Detection Library
highexperimentalLinuxAI/MLT1565.001
LLM Training Or Fine-Tune Data Files Modified
Detects LLM service processes modifying training dataset files (JSONL, Parquet, CSV, Arrow) in training or fine-tuning directories. Modification of training data at runtime is a strong indicator of data poisoning.

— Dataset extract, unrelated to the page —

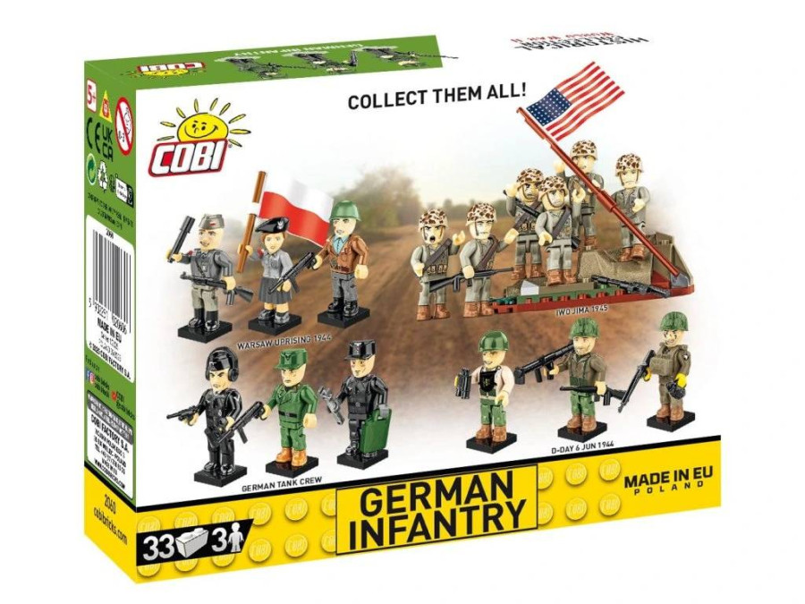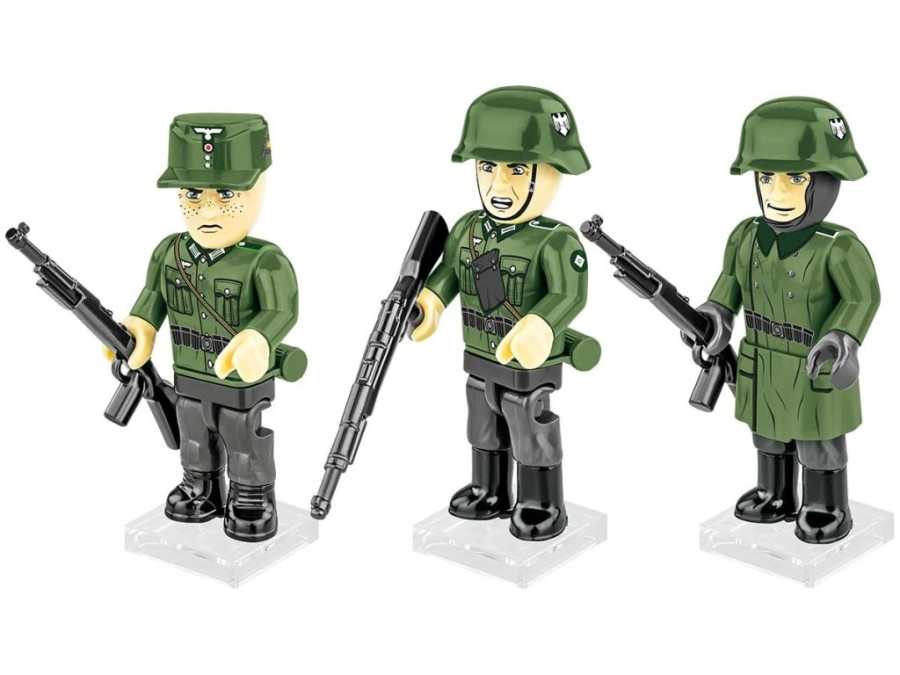 Stavebnice Cobi tří figurek německá pěchoty z 2. světové války. Tato jedinečná sada figurek obsahuje dvě realisticky zpracované postavy německých pěšáků a jednu figurku horského myslivce z období 2. světové války. Každá figurka byla vytvořena s výjimečnou přesností a důrazem na detaily.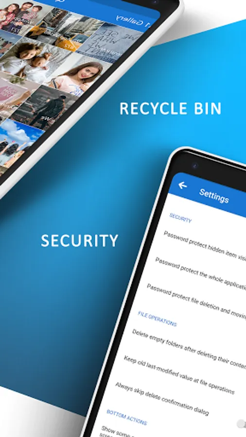 Gallery vault in this simple gallery can be set up with pin, pattern or even finger prints, so this photo gallery gives you extra protection this making A1 gallery a secure gallery app.

Updated Jan 15, 2025 · Detection Engineering Team
llmdata-poisoninglinuxtraining-dataowasp-llm04
Problem Statement
Modifying training or fine-tuning datasets at runtime can cause subsequent model updates to produce biased, backdoored, or attacker-aligned outputs, representing a persistent and difficult-to-detect form of model compromise.
Sample Logs
{"timestamp":"2025-01-15T06:20:33Z","computer_name":"llm-host-01","user":"llm_svc","image":"/opt/llm/app/data_processor.py","target_filename":"/opt/llm/datasets/training/instructions.jsonl","event_type":"file_modify"}Required Fields
image
target_filename
user
computer_name
False Positives
- ·Approved active learning or online fine-tuning pipelines that update training data
Tuning Guidance
Training data directories should be immutable during inference. Any write event outside a designated training window should alert.